Justice Thomas Kilbride delivered the decision March 19, with concurrence from Chief Justice Anne Burke and Justices Rita Garman, Lloyd Karmeier and Mary Jane Theis. Justices P. Scott Neville and Michael Burke did not take part.
The ruling went against Wedbush Securities, a firm based in Los Angeles, in a suit lodged against it in 2015 in Cook County Circuit Court by James Q. Whitaker. Whitaker died in 2019, but the executor of his estate has continued the action.
Illinois Supreme Court Justice Thomas L. Kilbride | Illinoiscourts.gov
Whitaker had two commodity futures trading accounts with Wedbush in late 2014, which were held at BMO Harris Bank in Chicago, when Whitaker’s email account was hacked. The hacker, posing as Whitaker, sent several messages to Wedbush to transfer $374,960 from Whitaker’s accounts to a bank in Poland. Wedbush believed the messages were genuine and moved the funds.
Whitaker soon recognized the theft on an account statement. He demanded Wedbush return the funds, but the firm refused.

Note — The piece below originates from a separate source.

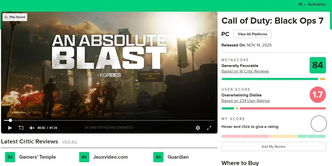 Call of Duty: Black Ops 7 установила антирекорд по оценкам пользователей на Metacritic

Whitaker then sued, claiming fraudulent concealment under Article 4A of the Uniform Commercial Code, a comprehensive collection of laws governing interstate commercial transactions.
The case went to a bench trial in June 2018, with Cook County Judge Daniel Kubasiak ruling for Wedbush on grounds Article 4A applies to banks, and a securities firm is not a bank.
Whitaker appealed and lost, but the state high court agreed to hear the matter.
Whitaker pushed the argument that Wedbush is a bank because it provided personal savings, lending and checking services.
Justice Kilbride agreed, pointing out Wedbush met the definition of a bank in multiple ways.
“Courts have consistently held mutual fund companies, brokerage firms, and insurance companies may fall within the definition of a bank under” Article 4A, Kilbride noted.
Kilbride further said: “Furnishing funds transfers is a common banking function,” which is a function in which Wedbush engages.
Specifically, Kilbride quoted Article 4A as governing "‘[w]holesale wire transfers’" typically involving "‘very large amounts of money,’" as in Whitaker's case, instead of consumer-based transactions involving "’relatively small amounts of money and a single contract.'"
In addition, Kilbride noted that when Wedbush bought Whitaker’s accounts from KCG Futures in 2014, KCG described Wedbush to Whitaker as a “leading financial services company” that offered brokerage and trading services.
“It is clear that defendant is a financial institution,” Kilbride observed of Wedbush.
The state Supreme Court remanded the case to Cook County court for further proceedings.
Whitaker’s estate is represented by Lavin & Waldon, of suburban Highland Park.
Wedbush is defended by the Chicago firm of Greenberg Traurig.